Cache coherence techniques for multicore processors

  • Authors:
  • Mark D. Hill;Michael R. Marty

  • Affiliations:
  • The University of Wisconsin - Madison;The University of Wisconsin - Madison

  • Venue:
  • Cache coherence techniques for multicore processors
  • Year:
  • 2008

Quantified Score

Hi-index 0.02

Visualization

Abstract

The cache coherence mechanisms are a key component towards achieving the goal of continuing exponential performance growth through widespread thread-level parallelism. This dissertation makes several contributions in the space of cache coherence for multicore chips. First, we recognize that rings are emerging as a preferred on-chip interconnect. Unfortunately a ring does not preserve the total order provided by a bus. We contribute a new cache coherence protocol that exploits a ring's natural round-robin order. In doing so, we show how our new protocol achieves both fast performance and performance stability—a combination not found in prior designs. Second, we explore cache coherence protocols for systems constructed with several multicore chips.
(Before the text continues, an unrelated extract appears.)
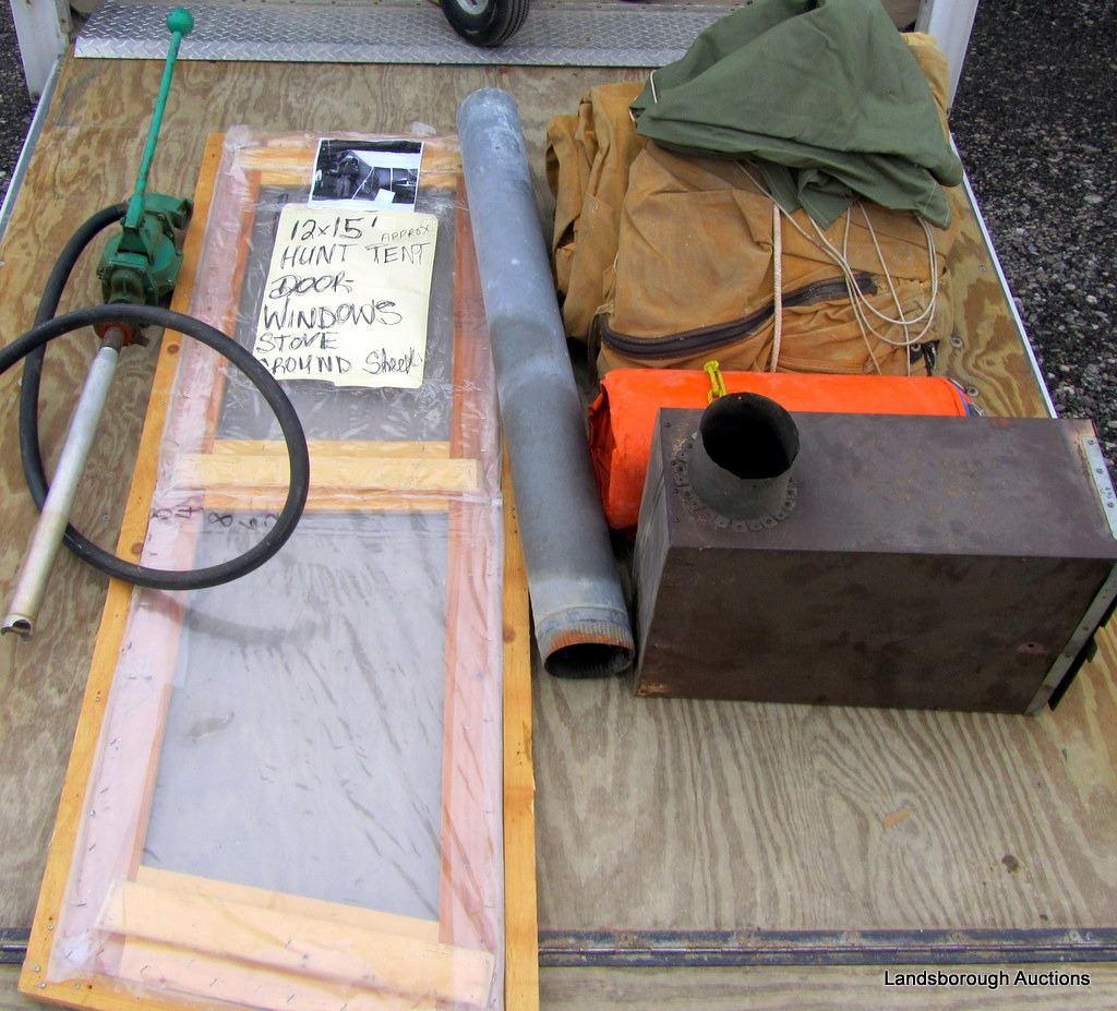 CANVAS TENT WITH GROUND SHEET, DOOR, WINDOWS, WOOD FRAME, STOVE AND PUMP. APPROX 12 FT X 15 FT.

In these Multiple-CMP systems, coherence must occur both within a multicore chip and among multicore chips. Applying hierarchical coherence protocols greatly increases complexity, especially when a bus is not relied upon for the first-level of coherence. We first contribute a hierarchical coherence protocol, DirectoryCMP, that uses two directory-based protocols bridged together to create a highly scalable system. We then contribute TokenCMP, which extends token coherence, to create a Multiple-CMP system that is flat for correctness yet hierarchical for performance. We qualitatively argue how TokenCMP reduces complexity and our simulation results demonstrate comparable or better performance than DirectoryCMP. Third, we contribute the idea of virtual hierarchies for designing memory systems optimized for space sharing. With future chips containing abundant cores, the opportunities for space sharing the vast resources will only increase. Our contribution targets consolidated server workloads on a tiled multicore chip. We first show how existing flat coherence protocols fail to accomplish the memory system goals we identify. Then, we impose a two-level virtual coherence and caching hierarchy on a physically flat multicore that harmonizes with workload assignment. In doing so, we improve performance by exploiting the locality of space sharing, we provide performance isolation between workloads, and we maintain globally shared memory to support advanced virtualization features such as dynamic partitioning and content-based page sharing.